# Problem description
Go through the listing below and retype exactly the lines starting at the one with "EDWARD BURTYNSKY ART" and ending at the one with "Bill Clinton signing welfare reform in 1996", skipping pictures.

# Raw data
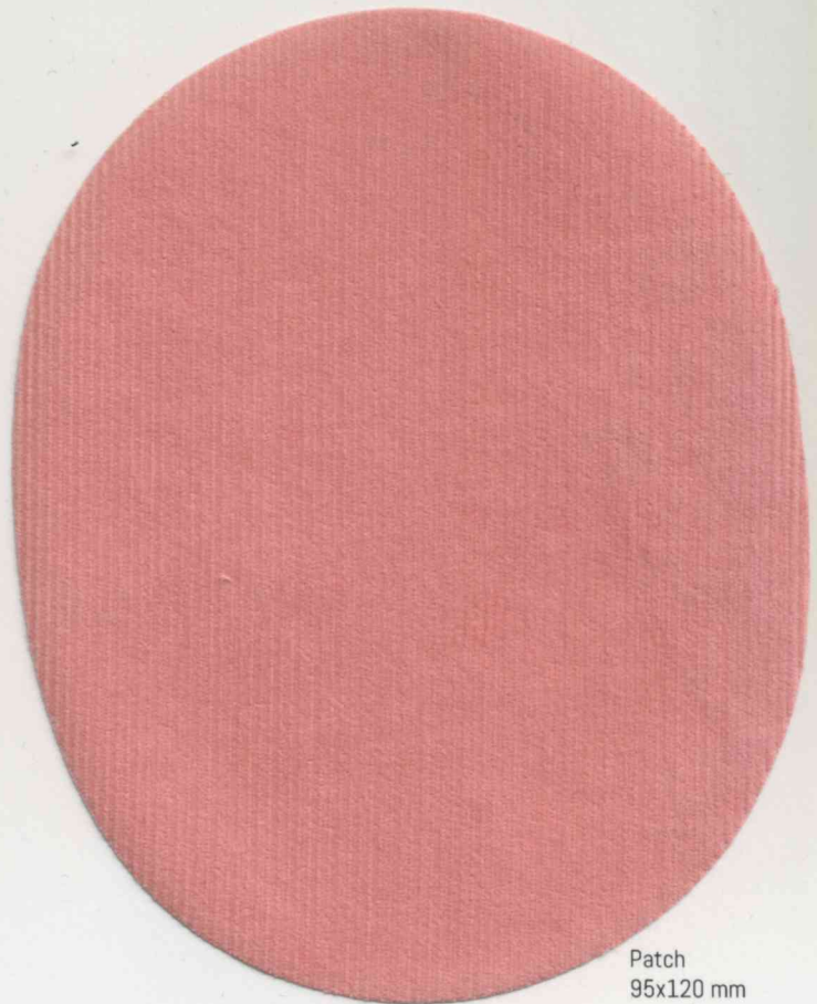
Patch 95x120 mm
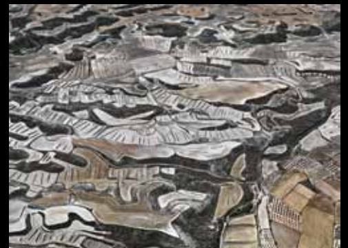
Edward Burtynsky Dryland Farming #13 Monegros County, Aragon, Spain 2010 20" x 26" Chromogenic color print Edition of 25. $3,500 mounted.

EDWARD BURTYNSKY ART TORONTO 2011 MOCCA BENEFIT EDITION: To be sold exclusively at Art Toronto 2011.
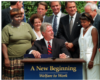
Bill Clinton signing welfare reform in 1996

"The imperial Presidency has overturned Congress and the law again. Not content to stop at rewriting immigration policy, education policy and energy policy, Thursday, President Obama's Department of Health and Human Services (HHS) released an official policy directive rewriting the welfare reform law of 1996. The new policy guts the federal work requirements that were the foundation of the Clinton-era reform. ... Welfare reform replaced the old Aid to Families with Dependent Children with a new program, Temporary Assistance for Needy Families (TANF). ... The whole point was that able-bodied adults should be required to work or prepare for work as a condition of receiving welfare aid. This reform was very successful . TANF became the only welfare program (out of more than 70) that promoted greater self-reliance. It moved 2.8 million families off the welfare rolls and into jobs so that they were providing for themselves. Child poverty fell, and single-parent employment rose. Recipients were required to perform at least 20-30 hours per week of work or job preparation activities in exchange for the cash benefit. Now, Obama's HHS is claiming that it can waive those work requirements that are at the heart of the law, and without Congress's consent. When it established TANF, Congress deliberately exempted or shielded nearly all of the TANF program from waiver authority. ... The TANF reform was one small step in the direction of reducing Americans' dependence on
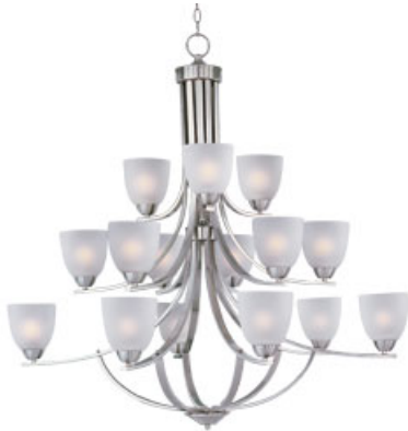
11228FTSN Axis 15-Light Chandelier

# Solution to this problem
EDWARD BURTYNSKY ART TORONTO 2011 MOCCA BENEFIT EDITION: To be sold exclusively at Art Toronto 2011.
Bill Clinton signing welfare reform in 1996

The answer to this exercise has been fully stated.